Which was why I was sitting on his bed, in his T-shirt, the blankets pulled up and over my legs, his pillows tucked behind my back.

Tucked there by his hands. Thoughtful and kind hands that didn’t hurt, same as they’d left the snacks on the nightstand, and same as they’d cupped my cheek, kissing me softly when he’d gone to catch the plane.

All of that.

I had all of that.

And I didn’t want to lose it.

So, I was sitting on his bed, in his shirt, and holding Marin’s card.

It was after hours, but I knew if I waited until the morning to call, I would find some excuse to continue avoiding facing this.

I needed to face it.

I needed to excise this.

I needed to finally, finally move on with my life.

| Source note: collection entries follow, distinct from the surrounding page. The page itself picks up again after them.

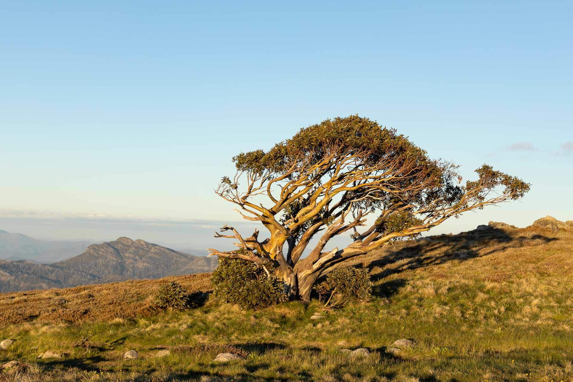The Two Peaks hike starts deep in the valley and winds along the Delatite River, crossing countless log bridges as snow melt flows below. You’ll see cool forest give way to Alpine ash and Snow gums (and countless micro-environments in between) as you climb a whole vertical kilometre to the Bluff Spur Memorial Hut and campground.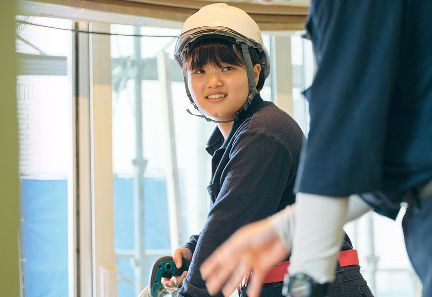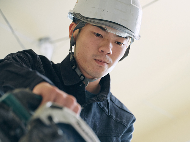同期は建築科出身が多かったので、入社直後はものすごく差を感じました。石膏ボード貼りでは、他の人が30分で終わる作業に丸1日かかってしまったこともあり、心が折れそうでした。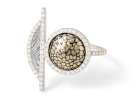 Rare opportunity to create a MONIQUE PÉAN ring or writing instrument during a custom design session with the artist and designer at her studio in New York City. Select a unique piece of fossilized dinosaur bone or meteorite (ranging in age from 146 million to 4.6 billion years old), as well as your choice of white or champagne conflict- and devastation-free diamonds set in 18-carat recycled white, yellow or rose gold. Your unique design will be accompanied by a custom hand drawn watercolor sketch, signed and dated by the designer.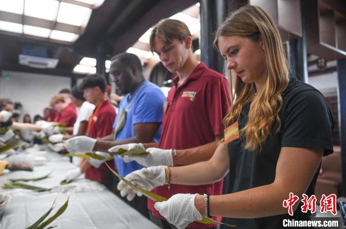 在阿姨們手把手教學(xué)下,來自O(shè)aks Christian High School的Beckemeyer Christopher Townsend包了自己人生中的第一個粽子,“挺有意思的,剛開始練習(xí)其實(shí)不會裹粽葉,但是對我們來說是非常有趣的一個經(jīng)歷。”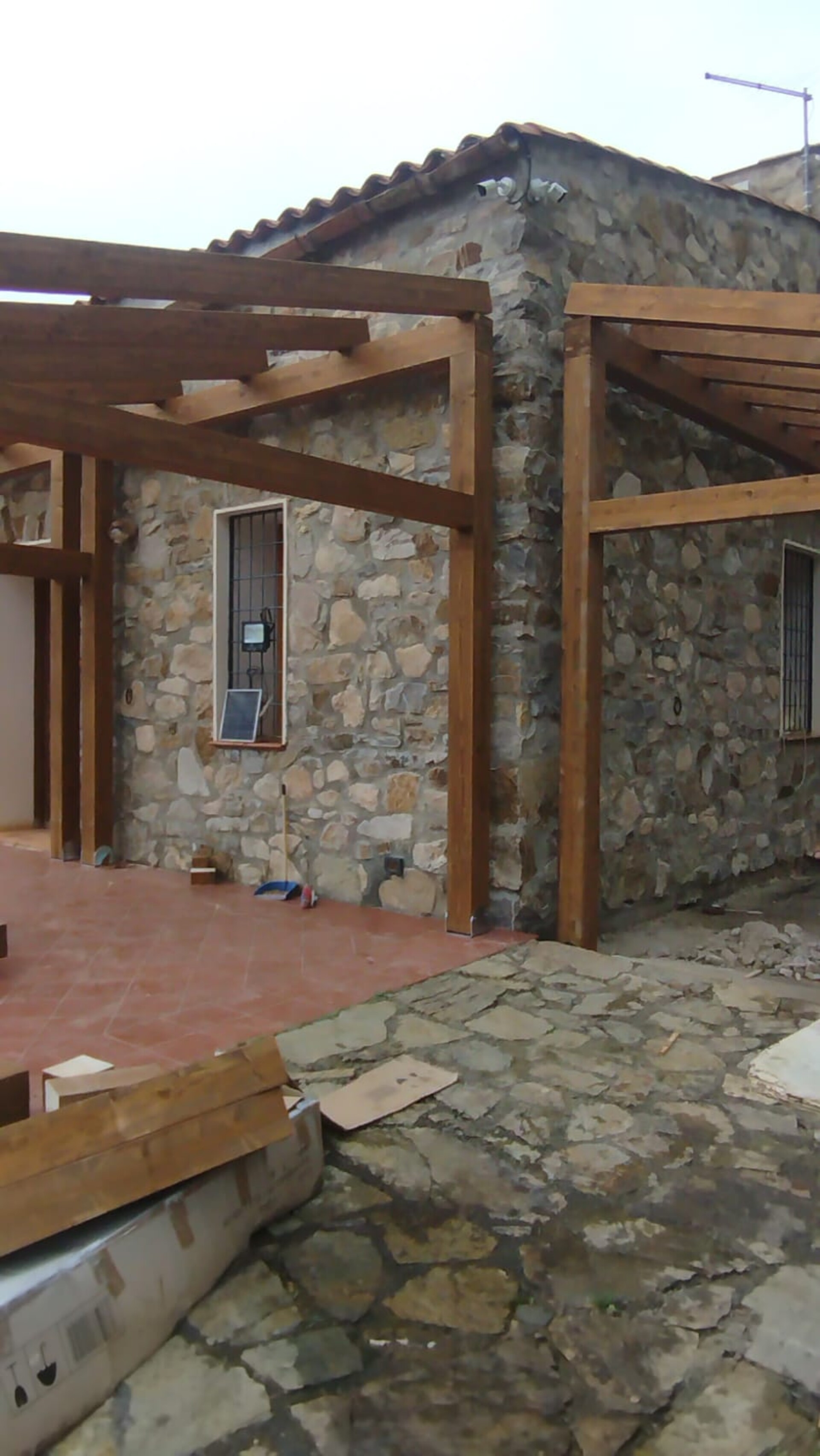 Tettoia con lamellare e tegole portoghese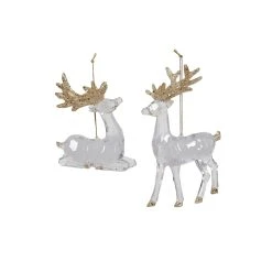This beautiful clear and glittery gold deer ornament is perfect for sprucing up your holiday décor. Use it to embellish a tree, wreath, or garland for a whimsical display!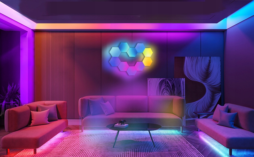 - 🌈Вдохновленные кубиками и головоломками, шестиугольные модульные светильники развлекут вас. Дайте волю своему воображению и комбинируйте неограниченное количество блоков, чтобы создать необычный декор комнаты.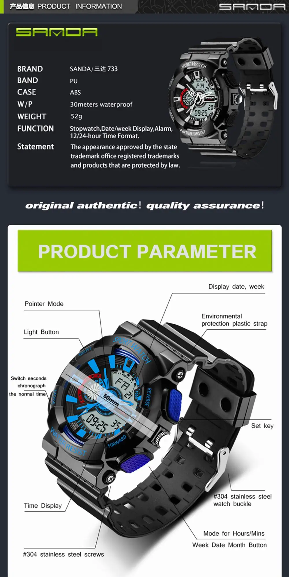 Item Type:Dual Display Wristwatches,Quartz Wristwatches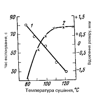 Роль першого сушіння звичайно недооцінюють, вважаючи, що на цій операції досить видалити розчинник. Що це далеко не так, особливо для позитивних резистів, можна переконатися, глянувши на рис.1.7, на якому приведена залежність від температури сушіння таких важливих параметрів, як час експонування і точність передачі розміру елемента після проявлення. Треба відзначити, що при першому сушінні коливання температури можуть досягати 10°С за рахунок недосконалості нагрівальних камер, помилок оператора, неправильної конструкції тримача підкладок. Особливо небезпечні перепади температури всередині камери і занадто швидке нагрівання.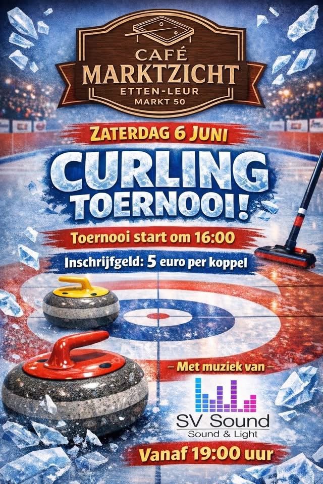 Café Marktzicht op de Markt in Etten-Leur houdt op zaterdag 6 juni een Curling Toernooi. Het start om 16.00 uur en vanaf 19.00 uur wordt de muziek verzorgd door SV Sound & Light. Het inschrijfgeld is slechts 5 euro per koppel.

Still, I’d avoided this for decades. It wasn’t easy to shed that weight…so it took me until the second intermission to dial the number.

The sound of the first ring in my ear nearly sent my finger to the end button.

But I took a breath, held on, and listened to the second ring.

The third.

“Hello?”

Marin’s voice coming through the speaker nearly had me dropping my cell, and it certainly had my lungs freezing, lips tightening, any words I might have spoken (I’d been mentally plotting the voicemail I was going to leave) being locked up in the back of my throat.

“Hello?” Marin asked again.

I opened my mouth, but nothing came up.

“ Hello?” It was impatient this time, as though Marin was getting ready to hang up.

“Marin,” I croaked.

The voice eased. “This is her.”

Right. Marin had been on my mind a whole lot, but I was probably just another patient, albeit one that had been referred through a friend. Easily forgettable. Easily discounted?—

Enough.

Shit, was this really the pattern I’d been on for fucking years?

It was.

And it was time to change.

“Marin,” I said, straightening my shoulders, lifting my chin, glad that when my voice came out it was steady.

“This is Beth, Hazel’s friend.” A breath.

My heart pounding like I’d run a marathon, and I supposed I had, albeit a mental one.

“I know you said you wouldn’t get in my head, but…

what if I open the gates and let you in? ”

Right.

I was lined up.

The horn had just blown.

Now all I needed to do was put one foot in front of the other and start covering those miles.

Silence. Long enough that I practically saw myself tripping over my own feet, face-planting on the asphalt. Then Marin spoke. “You sure you’re ready for that? I think you get that I don’t beat around the bush, and if you’re locked down tight…”

I sat in the quiet of Marin trailing off, taking a beat, considering, breathing, and…knowing.

Knowing that I was ready.

That I couldn’t keep doing this.

That it was time.

“I’m ready,” I whispered.

Marin didn’t make me wait for it, didn’t make me work any harder for it. Instead, she just said, “I have Tuesday at five open.”